Problem statement: Lines before the one containing "В первую очередь" are not copied; that line and every one after it, through the end of the material below, are printed exactly, without pictures.

Available data:

== == ==

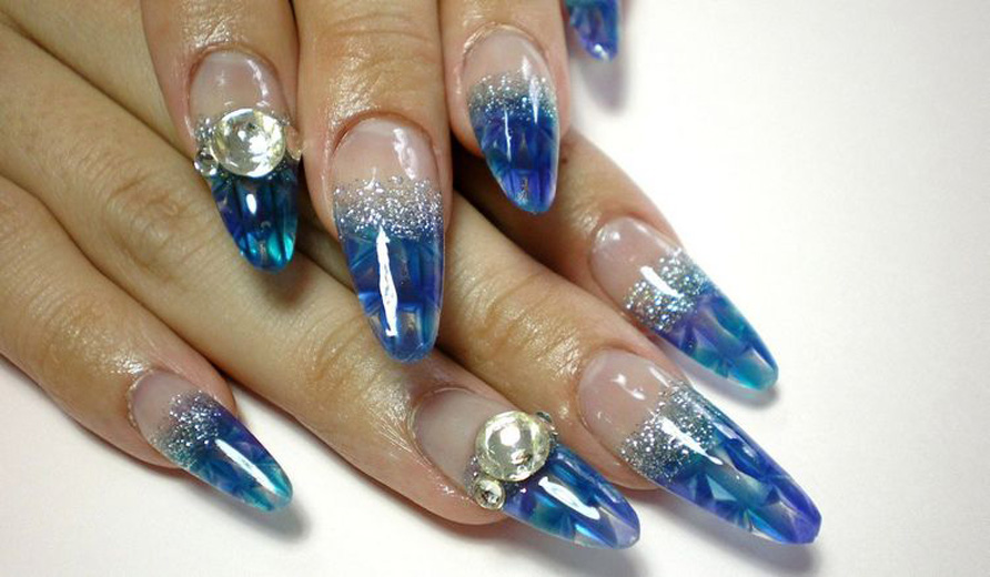 - Áo khoác màu trên móng tay có đính kim cương trông tuyệt đẹp. Đá màu trải trên một đường chéo, vuông góc hoặc với số lượng lớn. Kim cương nhỏ được sử dụng để tạo ra sự chuyển tiếp trơn tru.
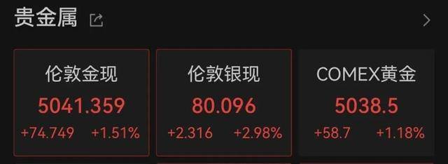 在经历上周的巨震后,北京时间2月9日,现货黄金盘初持续走高,重新站上5000美元/盎司;现货白银则突破80美元/盎司。截至北京时间9时,现货黄金报5041美元/盎司,日内涨超1.5%;现货白银报80美元/盎司,日内涨超2.9%。
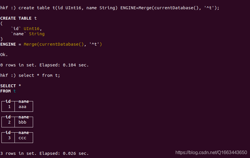 例:先建t1,t2,t3三个表,然后用Merge引擎的t表把他们链接起来。
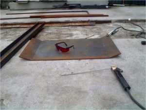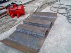 В первую очередь изготавливается рабочая площадка. Края листового металла необходимо загнуть на 30 40 градусов относительно земли. Для этого поверхность пластины нужно надпилить в 10 сантиметрах от края, глубиной не более половины её толщины. Затем согнуть по линии надреза молотком. Швы на местах сгибов необходимо обварить для жёсткой фиксации. Такая конструкция подошвы позволит будущей виброплите скользить по поверхности, а не зарываться в неё.
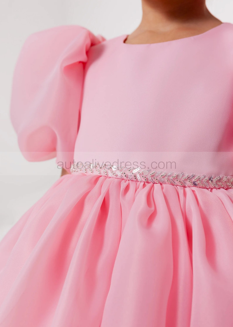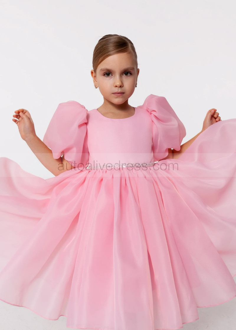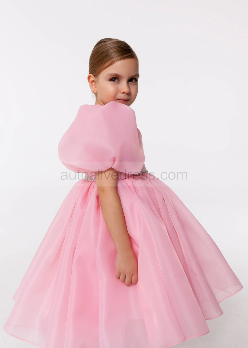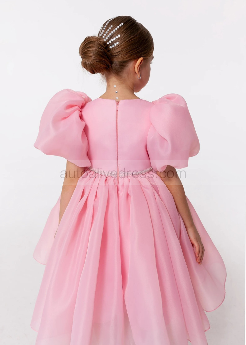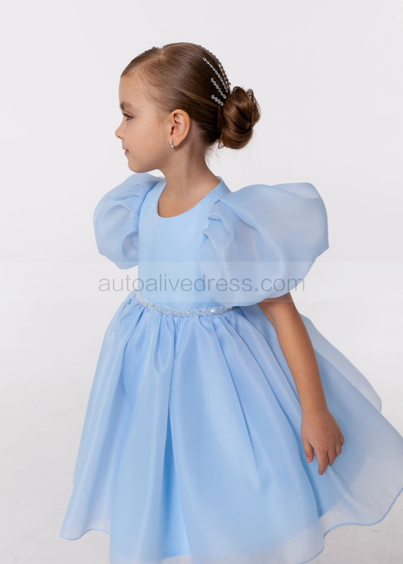 Puff Sleeves Organza Flower Girl Dress With Beaded Sash

== == ==

Answer to this problem:
 В первую очередь изготавливается рабочая площадка. Края листового металла необходимо загнуть на 30 40 градусов относительно земли. Для этого поверхность пластины нужно надпилить в 10 сантиметрах от края, глубиной не более половины её толщины. Затем согнуть по линии надреза молотком. Швы на местах сгибов необходимо обварить для жёсткой фиксации. Такая конструкция подошвы позволит будущей виброплите скользить по поверхности, а не зарываться в неё.
 Puff Sleeves Organza Flower Girl Dress With Beaded Sash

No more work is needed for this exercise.